— INSTRUCTIONS FOR THE TASK —
Every line from the one holding "ನವದೆಹಲಿ (ಸೆ.13): ಭಾರತ-ಜಪಾನ್" to the end of the entries should be repeated exactly, with the pictures left out.

━━ THE DATA ━━

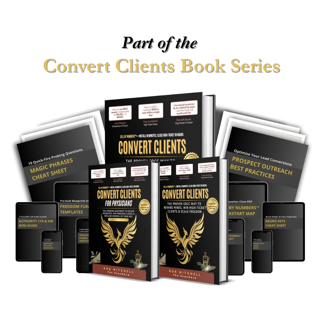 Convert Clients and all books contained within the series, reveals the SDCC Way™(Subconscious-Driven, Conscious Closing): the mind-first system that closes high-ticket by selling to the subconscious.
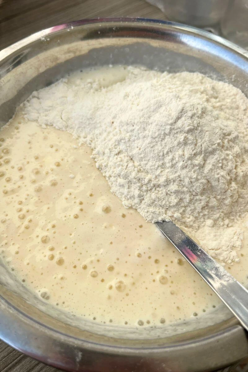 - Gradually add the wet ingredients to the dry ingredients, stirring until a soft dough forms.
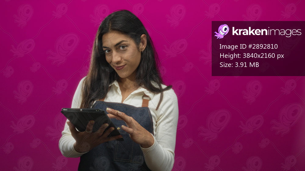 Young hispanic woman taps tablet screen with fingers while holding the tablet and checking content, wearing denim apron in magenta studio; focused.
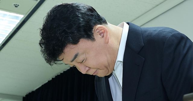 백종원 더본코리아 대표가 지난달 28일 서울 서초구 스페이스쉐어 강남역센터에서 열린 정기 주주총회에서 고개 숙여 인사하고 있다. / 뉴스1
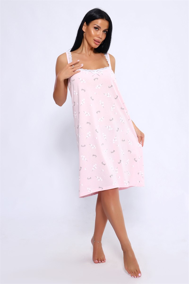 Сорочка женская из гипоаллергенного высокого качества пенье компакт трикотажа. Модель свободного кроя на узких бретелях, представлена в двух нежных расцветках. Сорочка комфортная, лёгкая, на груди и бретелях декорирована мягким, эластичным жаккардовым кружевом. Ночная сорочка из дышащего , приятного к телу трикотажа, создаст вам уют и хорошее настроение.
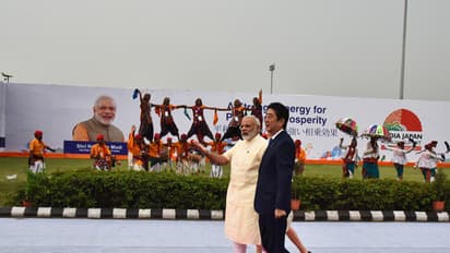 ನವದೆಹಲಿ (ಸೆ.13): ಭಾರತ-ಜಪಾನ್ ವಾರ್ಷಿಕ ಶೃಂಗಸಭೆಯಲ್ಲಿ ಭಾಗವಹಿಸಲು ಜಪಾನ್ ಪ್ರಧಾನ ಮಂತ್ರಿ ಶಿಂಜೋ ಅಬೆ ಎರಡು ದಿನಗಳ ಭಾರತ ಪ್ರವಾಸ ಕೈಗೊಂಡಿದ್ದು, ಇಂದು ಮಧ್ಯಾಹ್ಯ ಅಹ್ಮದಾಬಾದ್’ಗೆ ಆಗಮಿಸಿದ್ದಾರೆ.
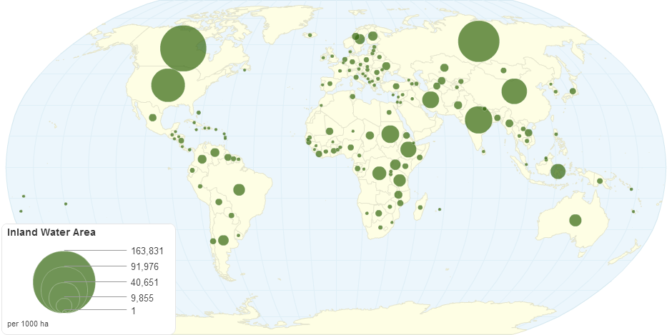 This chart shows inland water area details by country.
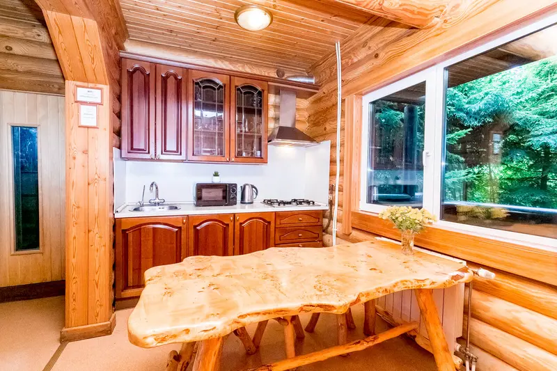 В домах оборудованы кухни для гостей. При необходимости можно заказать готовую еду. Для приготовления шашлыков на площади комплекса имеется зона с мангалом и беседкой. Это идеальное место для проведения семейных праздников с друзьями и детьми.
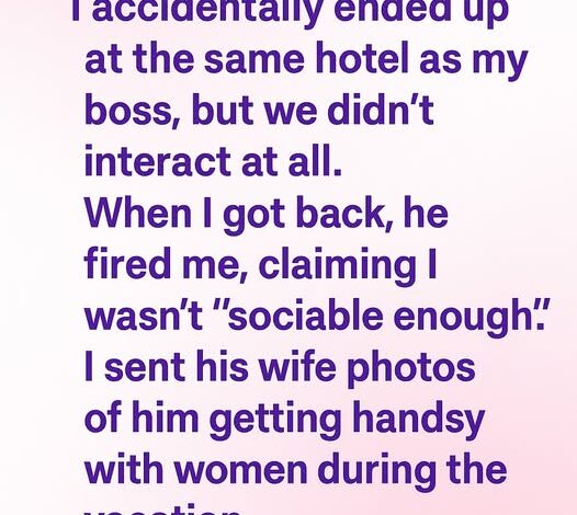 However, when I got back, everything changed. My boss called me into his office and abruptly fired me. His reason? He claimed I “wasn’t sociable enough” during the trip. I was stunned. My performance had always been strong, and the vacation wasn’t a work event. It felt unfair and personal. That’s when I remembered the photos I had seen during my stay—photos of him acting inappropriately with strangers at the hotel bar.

━━━

— OUTPUT FOR THIS TASK —
 ನವದೆಹಲಿ (ಸೆ.13): ಭಾರತ-ಜಪಾನ್ ವಾರ್ಷಿಕ ಶೃಂಗಸಭೆಯಲ್ಲಿ ಭಾಗವಹಿಸಲು ಜಪಾನ್ ಪ್ರಧಾನ ಮಂತ್ರಿ ಶಿಂಜೋ ಅಬೆ ಎರಡು ದಿನಗಳ ಭಾರತ ಪ್ರವಾಸ ಕೈಗೊಂಡಿದ್ದು, ಇಂದು ಮಧ್ಯಾಹ್ಯ ಅಹ್ಮದಾಬಾದ್’ಗೆ ಆಗಮಿಸಿದ್ದಾರೆ.
 This chart shows inland water area details by country.
 В домах оборудованы кухни для гостей. При необходимости можно заказать готовую еду. Для приготовления шашлыков на площади комплекса имеется зона с мангалом и беседкой. Это идеальное место для проведения семейных праздников с друзьями и детьми.
 However, when I got back, everything changed. My boss called me into his office and abruptly fired me. His reason? He claimed I “wasn’t sociable enough” during the trip. I was stunned. My performance had always been strong, and the vacation wasn’t a work event. It felt unfair and personal. That’s when I remembered the photos I had seen during my stay—photos of him acting inappropriately with strangers at the hotel bar.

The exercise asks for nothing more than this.